**Your task**
Using the listing below, reproduce exactly the lines from the one with "중국 국경절 기간(10월" through the last, with all pictures left out.

**Material provided**
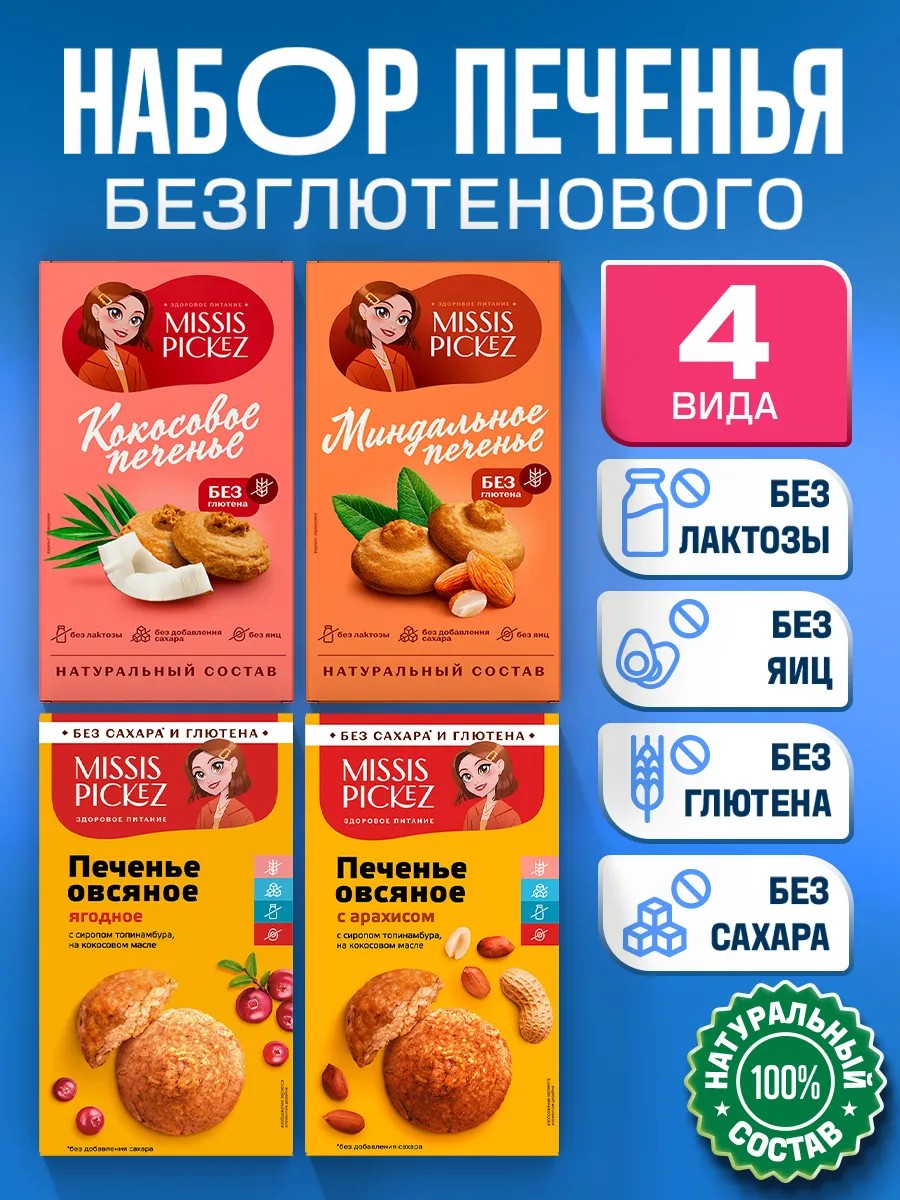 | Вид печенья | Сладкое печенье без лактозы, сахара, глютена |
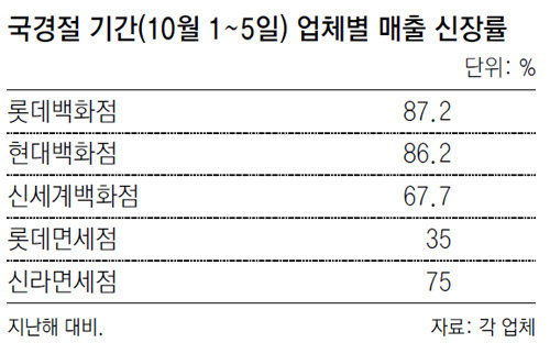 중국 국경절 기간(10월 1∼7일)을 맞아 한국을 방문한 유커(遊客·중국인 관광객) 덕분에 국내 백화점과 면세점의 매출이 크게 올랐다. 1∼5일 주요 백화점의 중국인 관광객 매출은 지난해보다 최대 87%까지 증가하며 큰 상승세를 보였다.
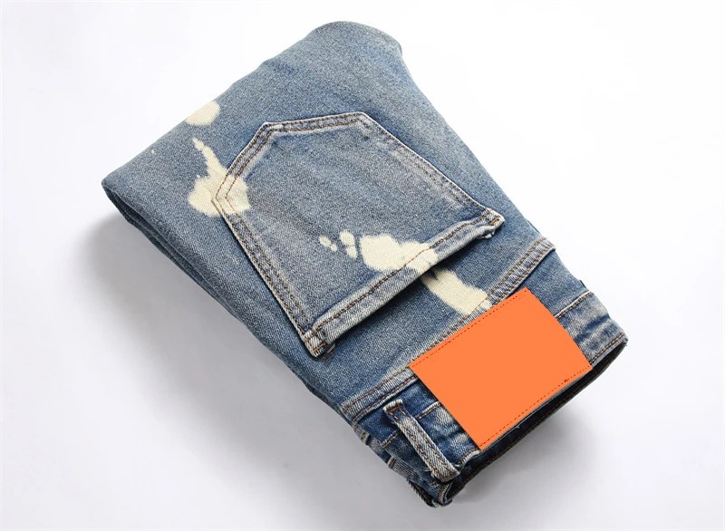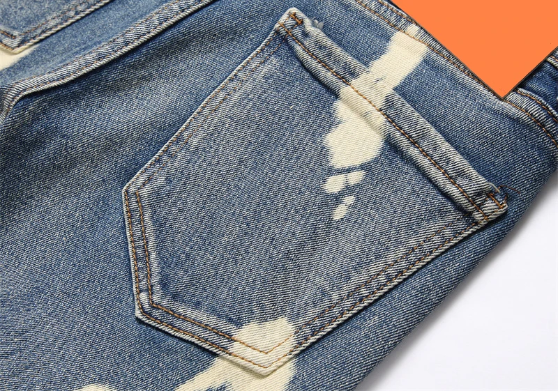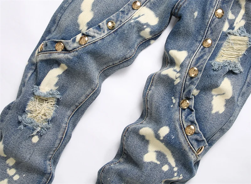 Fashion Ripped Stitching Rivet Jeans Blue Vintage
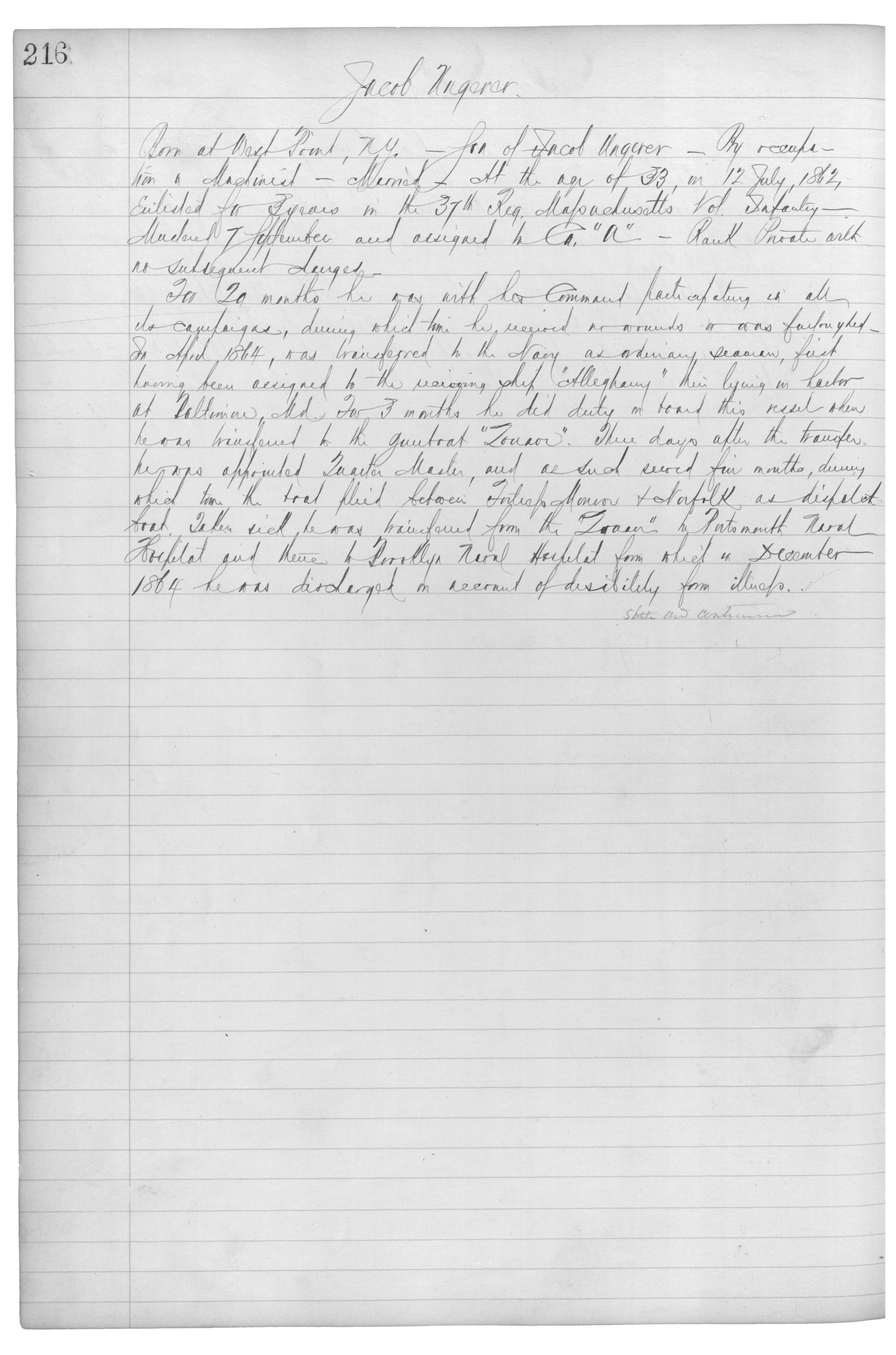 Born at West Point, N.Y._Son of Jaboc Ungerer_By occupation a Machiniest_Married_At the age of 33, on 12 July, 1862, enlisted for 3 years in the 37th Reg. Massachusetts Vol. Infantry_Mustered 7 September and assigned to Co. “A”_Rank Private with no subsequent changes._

**Reply to the exercise**
 중국 국경절 기간(10월 1∼7일)을 맞아 한국을 방문한 유커(遊客·중국인 관광객) 덕분에 국내 백화점과 면세점의 매출이 크게 올랐다. 1∼5일 주요 백화점의 중국인 관광객 매출은 지난해보다 최대 87%까지 증가하며 큰 상승세를 보였다.
 Fashion Ripped Stitching Rivet Jeans Blue Vintage
 Born at West Point, N.Y._Son of Jaboc Ungerer_By occupation a Machiniest_Married_At the age of 33, on 12 July, 1862, enlisted for 3 years in the 37th Reg. Massachusetts Vol. Infantry_Mustered 7 September and assigned to Co. “A”_Rank Private with no subsequent changes._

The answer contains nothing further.